With the emergence of RA as a central regulator of immune function, how endogenous RA synthesis is controlled and which cells produce it has become an area of intense interest. As mentioned earlier, gut-resident DCs have been characterized to express RALDH enzymes and produce RA. Recently, it was described that not only gut-resident DCs are able to express RALDH but also BMDCs and splenic DCs activated with inflammatory stimuli. In this regard, proinflammatory cytokines such as GM-CSF, IL-4, and toll-like receptor (TLR) agonists upregulate RALDH expression on DCs [56]. In another report, TLR5-expressing DCs responded to flagellin (a pathogen-derived component) by upregulating the expression of RALDH, promoting the development of proinflammatory Th1 and Th17 T lymphocytes and IgA+ producing B lymphocytes [18]. This suggests that a wide spectrum of inflammatory mediators (cytokines and TLR agonists) can induce RA synthesis and this RA acts as a vital modulator of the immune system.

A related effect of RA on immunity may be associated with some of the specific genes that are up regulated by RA in hematopoietic cells. RA-inducible gene-I (RIG-I) is a member of the RIG-I-like receptors (RLRs) family, which is located in the cytoplasm and recognizes viral RNA [57]. RIG-I has been involved in the innate immune response against viruses. Trottier et al. investigated the impact of RA in the infectivity of Measles virus (MeV) on the promonocytic cell line U937. In their studies, RA-treated cells showed reduced viral infection due to the upregulation of interferon-stimulated genes. Surprisingly, bystander cells exposed to the media containing the RA-treated cells were refractory to MeV infection, suggesting that soluble factors are the effectors and that the response can be transmittable. Vitamin A or RA is known as an effective treatment against acute measles, which affects ~30 millions of children a year [58]. This report suggested a mechanism by which RA exerts antiviral activity. Recently, a new mechanism of RIG-I activation has been described. Wang et al. reported that, besides viral RNA, RIG-I can also be stimulated by the TLR4 ligand LPS. In this study, LPS-stimulated macrophages upregulate the expression of RIG-I, which allowed the expression of the proinflammatory cytokine TNF-α [59]. Interestingly, the enhanced response developed by Influenza A-infected individuals is due to the recognition of the virus through RIG-I, which upregulates type-I interferons (IFN-α and IFN-β) together with the activation of NF-κB that triggers the expression of other proinflammatory modulators as IL-6 and IL-8 [60]. In Fig. 3, we summarize the current knowledge of RA on immune cells, specifically on APCs (such as DCs) and T lymphocytes.

Fig. 3.

Fig. 3

RA modulates the immune response. An inflammatory microenvironment can impact and change the phenotype of APCs as a consequence RA production. RA is known for inducing gut-homing properties on T and B lymphocytes, and for influencing the generation and differentiation of different subpopulation of T lymphocytes, which are a crucial arm of the immune response. [Color figure can be viewed in the online issue, which is available at wileyonlinelibrary.com.]

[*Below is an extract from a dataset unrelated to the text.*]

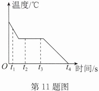 11. 如图所示是某物质由液态变为固态过程中温度随时间变化的图像,由图可知:$t_{4}$时刻物体的内能

From the above, we can conclude that RA can exert both pro- and anti-inflammatory effects. No doubt, RA exerts these effects in ways to coordinate a balance of positive and negative effects to optimize host resistance.

4. Concluding remarks

The role of vitamins, specifically vitamin A, has been proven to be important to maintain a healthy state. In this review, we summarized and discussed the last discoveries regarding the involvement of vitamin A and RA in the immune system, underscoring its growing importance in regulating T-cell–mediated immunity. The fact that RA controls critical checkpoints in inflammation and tolerance makes it an attractive target to modulate immunity. However, additional studies are required to precisely understand how RA controls these events at a molecular level, the receptors involved and the way RA synthesis is regulated in vivo.